From the data below, repeat exactly the lines from the line with "11月19日,村民正在加工(剪菌柄)、分拣刚采收回来的香菇。" to the line with "Geagodelia Kid Little", both included.

##############################

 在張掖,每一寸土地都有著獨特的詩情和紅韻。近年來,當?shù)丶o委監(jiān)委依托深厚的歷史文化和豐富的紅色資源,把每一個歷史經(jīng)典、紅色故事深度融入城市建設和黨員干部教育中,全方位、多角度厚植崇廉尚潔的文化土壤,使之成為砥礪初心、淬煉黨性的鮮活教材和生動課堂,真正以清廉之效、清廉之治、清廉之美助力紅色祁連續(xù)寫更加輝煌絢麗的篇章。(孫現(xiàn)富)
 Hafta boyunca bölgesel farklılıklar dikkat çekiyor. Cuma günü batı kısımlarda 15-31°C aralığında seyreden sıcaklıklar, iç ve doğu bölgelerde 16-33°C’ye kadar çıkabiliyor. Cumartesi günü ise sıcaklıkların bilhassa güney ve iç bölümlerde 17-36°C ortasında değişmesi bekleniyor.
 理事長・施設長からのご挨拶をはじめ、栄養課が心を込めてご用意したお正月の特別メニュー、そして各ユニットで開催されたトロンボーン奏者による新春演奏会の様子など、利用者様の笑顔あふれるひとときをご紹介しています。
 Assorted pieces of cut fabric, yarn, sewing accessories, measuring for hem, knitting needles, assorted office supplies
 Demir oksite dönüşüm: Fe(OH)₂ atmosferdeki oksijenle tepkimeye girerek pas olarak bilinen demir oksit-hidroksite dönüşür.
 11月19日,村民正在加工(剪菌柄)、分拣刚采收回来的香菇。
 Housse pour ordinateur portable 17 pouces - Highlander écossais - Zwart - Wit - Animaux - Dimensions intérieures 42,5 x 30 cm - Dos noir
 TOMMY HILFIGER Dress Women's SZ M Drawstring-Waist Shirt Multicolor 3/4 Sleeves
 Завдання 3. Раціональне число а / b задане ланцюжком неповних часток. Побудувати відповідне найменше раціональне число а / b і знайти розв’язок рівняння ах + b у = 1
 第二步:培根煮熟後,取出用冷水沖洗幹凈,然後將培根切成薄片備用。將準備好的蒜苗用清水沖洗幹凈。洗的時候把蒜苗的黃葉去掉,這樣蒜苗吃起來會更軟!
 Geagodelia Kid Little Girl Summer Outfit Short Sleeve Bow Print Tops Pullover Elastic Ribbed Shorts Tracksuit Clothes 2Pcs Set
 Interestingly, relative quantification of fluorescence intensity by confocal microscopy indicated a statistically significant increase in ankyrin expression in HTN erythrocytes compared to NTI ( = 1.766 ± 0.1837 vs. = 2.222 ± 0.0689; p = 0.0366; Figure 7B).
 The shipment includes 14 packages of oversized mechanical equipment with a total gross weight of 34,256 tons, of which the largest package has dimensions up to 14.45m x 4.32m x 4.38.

##############################

Solved exercise —
 11月19日,村民正在加工(剪菌柄)、分拣刚采收回来的香菇。
 Housse pour ordinateur portable 17 pouces - Highlander écossais - Zwart - Wit - Animaux - Dimensions intérieures 42,5 x 30 cm - Dos noir
 TOMMY HILFIGER Dress Women's SZ M Drawstring-Waist Shirt Multicolor 3/4 Sleeves
 Завдання 3. Раціональне число а / b задане ланцюжком неповних часток. Побудувати відповідне найменше раціональне число а / b і знайти розв’язок рівняння ах + b у = 1
 第二步:培根煮熟後,取出用冷水沖洗幹凈,然後將培根切成薄片備用。將準備好的蒜苗用清水沖洗幹凈。洗的時候把蒜苗的黃葉去掉,這樣蒜苗吃起來會更軟!
 Geagodelia Kid Little Girl Summer Outfit Short Sleeve Bow Print Tops Pullover Elastic Ribbed Shorts Tracksuit Clothes 2Pcs Set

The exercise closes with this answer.